Estimating d': To recap... Increasing the stimulus strength separates the two (noise-alone versus signal-plus-noise) probability of occurrence curves. This has the effect of increasing the hit and correct rejection rates. Shifting to a high criterion leads to fewer false alarms, fewer hits, and fewer surgical procedures. Shifting to a low criterion leads to more hits (lots of worthwhile surgeries), but many false alarms (unnecessary surgeries) as well. The discriminability index, d', is a measure of the strength of the internal response that is independent of the criterion.
But how do we measure d'? The trick is that we have to measure both the hit rate and the false alarm rate, then we can read-off d' from an ROC curve. Figure 4 shows a family of ROC curves. Each of these curves corresponds to a different d-prime value; d'=0, d'=1, etc. As the signal strength increases, the internal response increases, the ROC curve bows out more, and d' increases.

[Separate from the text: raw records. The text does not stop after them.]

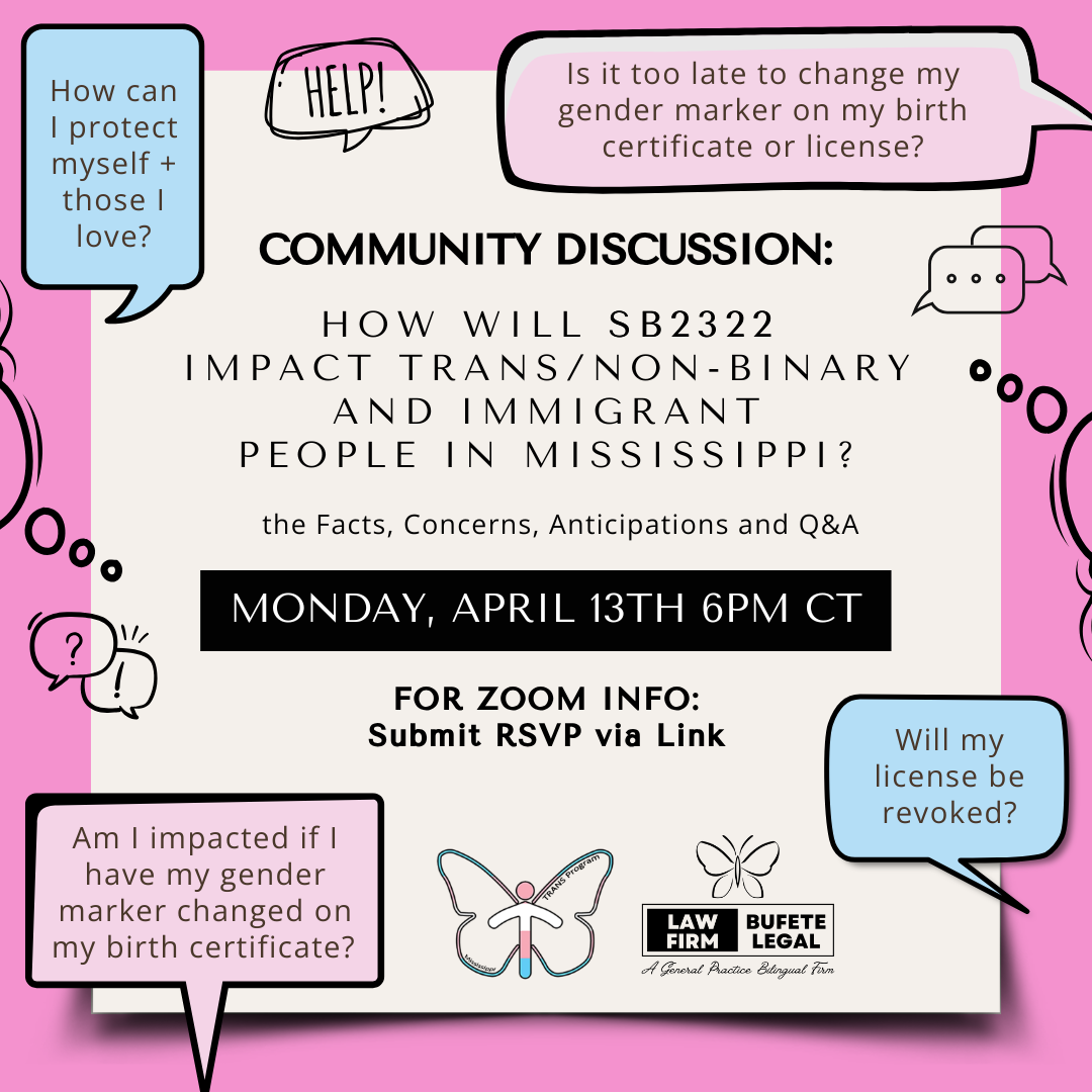 Several anti-trans bills have passed and, therefore, become law in Mississippi. This DOES NOT mean that we should not continue to reach out to and educate our legislators (and others). Keep pushing back! Stand up, speak up, help PUSH BACK on anti-trans laws / policy, help PUSH FORWARD laws / policy that serve to IMPROVE TRANS LIVES. Detailed and easy to understand educational materials, pertaining to said laws, are soon to be published. Please keep up with us!
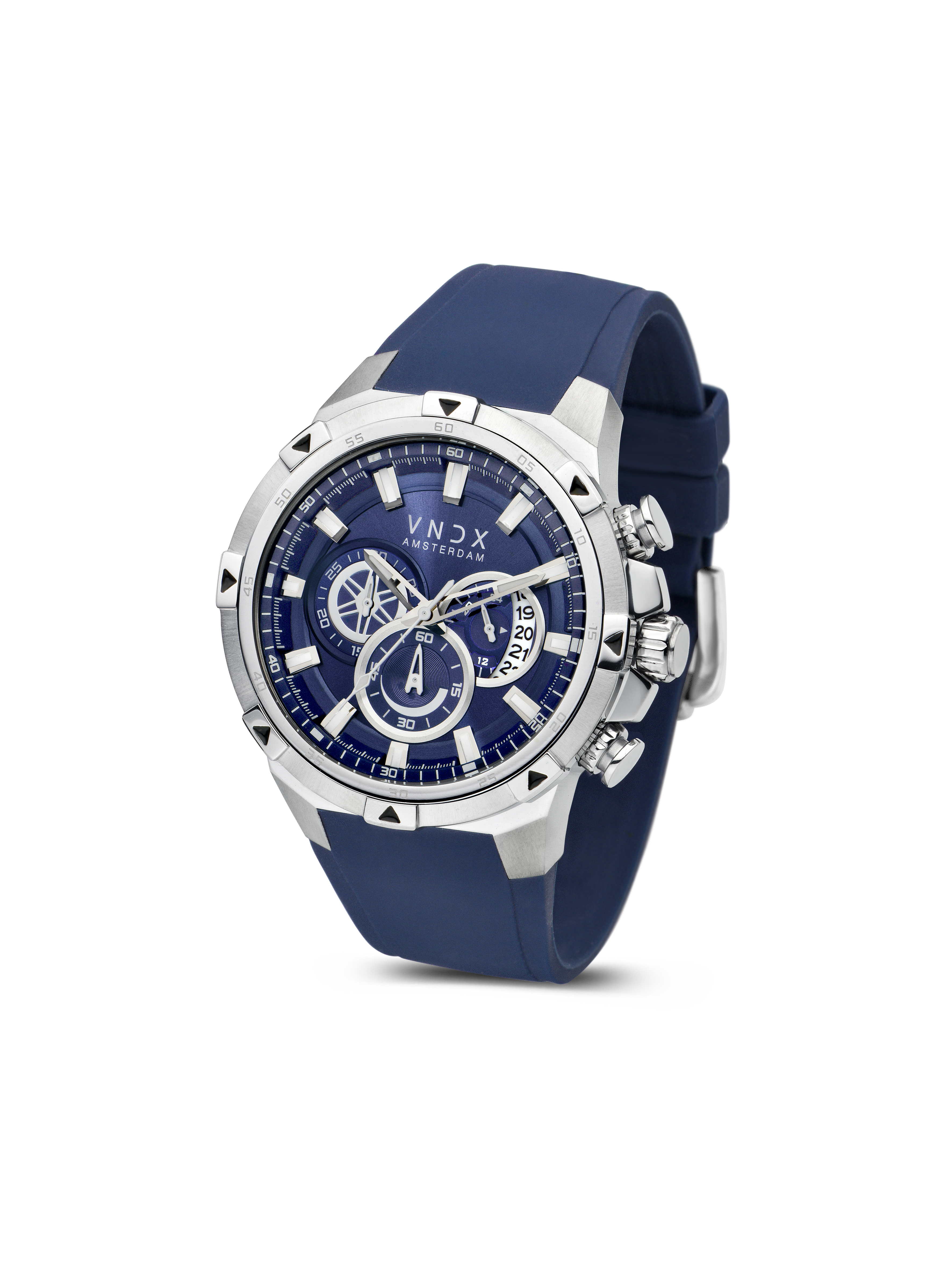 Deze chronograaf is voorzien van verschillende functies, zoals een stopwatch, datum aanduiding en een 24-uurs klok. De veelzijdige chronograaf wordt gepresenteerd op een intens blauwe wijzerplaat.
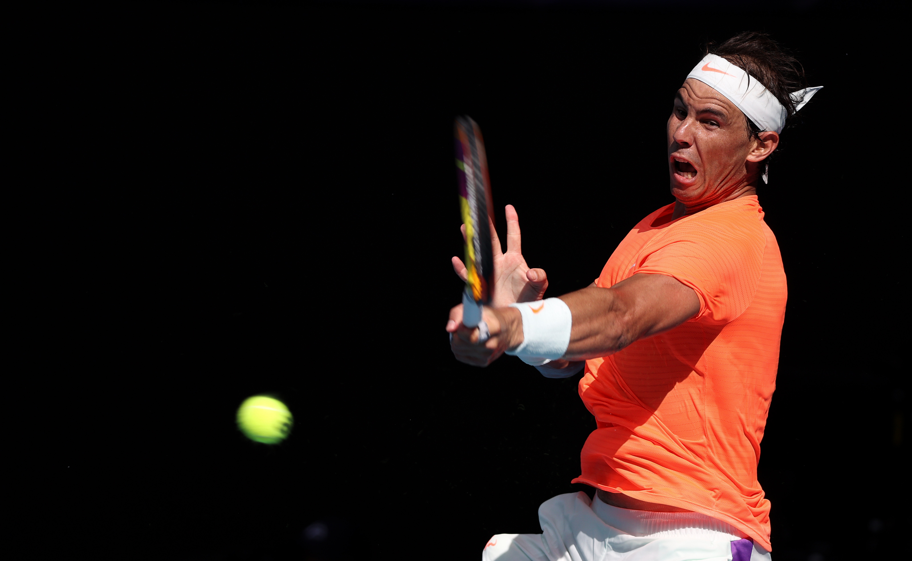 2月15日,西班牙选手纳达尔在比赛中回球。新华社记者 白雪飞 摄

So let's say that we do a detection experiment; we ask our doctor to detect tumors in 1000 CT scans. Some of these patients truly had tumors and some of them didn't. We only use patients who have already had surgery (biopsies) so we know which of them truly had tumors. We count up the number of hits and false alarms. And that drops us somewhere on this plot, on one of the ROC curves. Then we simply read off the d' value corresponding to that ROC curve. Notice that we need to know both the hit rate and the false alarm rate to get the discriminability index, d'.
Medical Malpractice Example: A study of doctors' performance was performed in Boston. 10,000 cases were analyzed by a special commission. The commission decided which were handled negligently and which well. They found that 100 were handled very badly and there is good cause for a malpractice suit. Of these 100, only 20 cases were pursued. What should we conclude?
Ralph Nader and others concluded that doctors are not being sued enough. But this conclusion was based on only partial information (hits and misses). I did not tell you what happened in the other 9900 cases. How many law suits were there in those cases? What if there were many (e.g., 9000 out of 9900) false alarms? The AMA concluded that doctors are being sued too much.